Fintech firms are traditionally thought of as innovators and disruptors when it comes to financial services UX. Startups use smoother customer journeys and intuitive apps to disrupt the business model of incumbents. But is that an accurate assessment of fintech’s effect on the industry? At Techonomy’s Accelerate Finance conference, CI’s Matthew Eschmann, Director of Research, Banking, Cards & Mobile Finance, discussed how the firms providing a leading customer experience aren’t necessarily the fintech innovators. Watch his summary of the state of UX in fintech:

Can a firm really be an innovator when its overall UX falls short of industry standards? Our research finds that, more often than not, fintechs finish in the bottom half of our holistic assessments.
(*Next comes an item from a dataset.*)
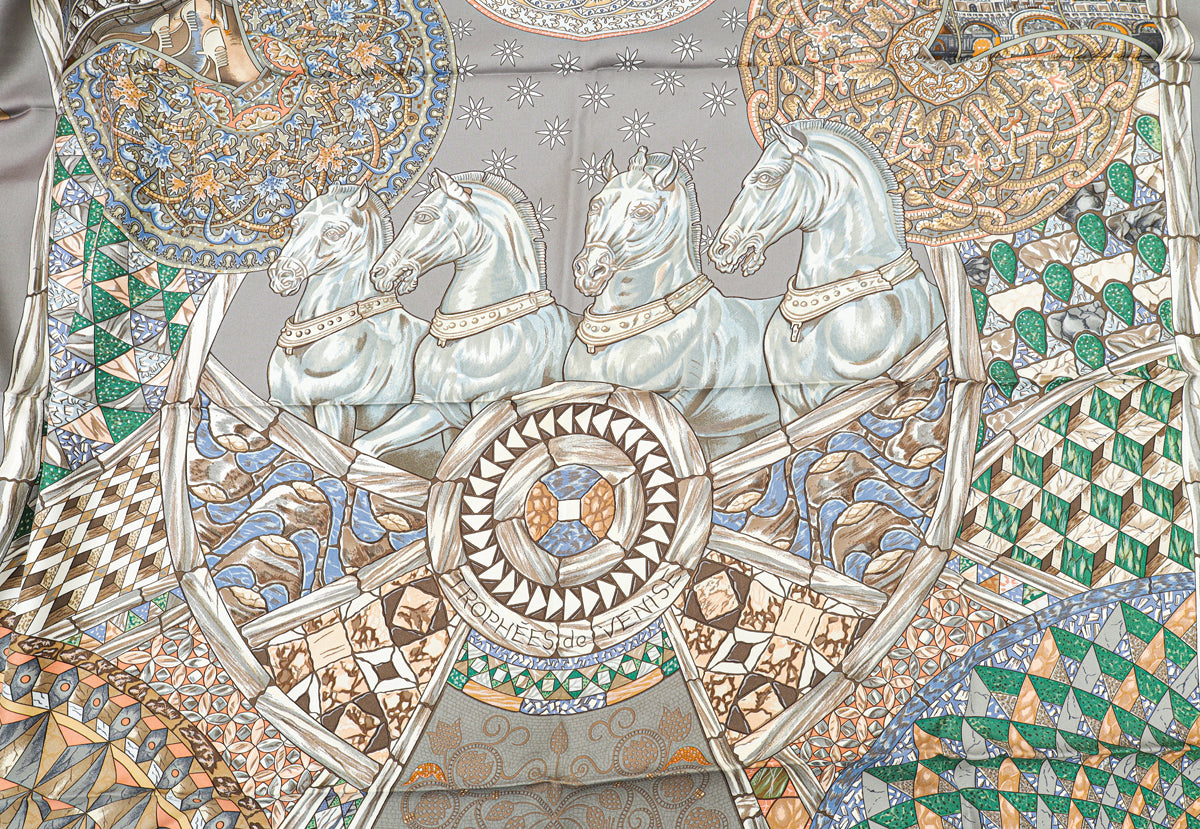 Hermes Grey Multicolor Silk Trophees de Venise Silk Scarf

When we compare traditional bank, brokerage and credit card mobile app capabilities to those of fintechs, it’s the traditional firms that come out on top. In our latest assessment, all seven firms rating as above average are established firms. Six of the eight firms rating as below average are fintechs.
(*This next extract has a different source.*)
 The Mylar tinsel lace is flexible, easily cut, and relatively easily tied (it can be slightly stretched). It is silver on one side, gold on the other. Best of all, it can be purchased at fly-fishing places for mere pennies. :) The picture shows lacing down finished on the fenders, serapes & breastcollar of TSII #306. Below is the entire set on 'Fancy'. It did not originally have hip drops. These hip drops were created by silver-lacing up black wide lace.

This chart shows that traditional often outperform fintechs in an overall capability comparison.
Fintechs fall short in our audits of mobile bank, credit card and brokerage firms

While fintechs have certainly altered user expectations in financial services, it may make more sense to think of fintechs as influencers rather than disruptors. Our research has consistently found that for years any innovations from bank, credit card and brokerage fintechs are quickly adopted by traditional firms. Fintechs influence the decisions of established players, rather than push them out of business entirely.

This dynamic, of course, relies on established firms to monitor fintechs to see what innovations resonate with customers. Forward-thinking incumbents can allow fintechs to function as a sandbox for new ideas and then create their own offerings in response. Incumbents that are slow to adapt to changing customer expectations, however, will be left behind–surpassed both by incumbents that adapt and by the fintechs themselves.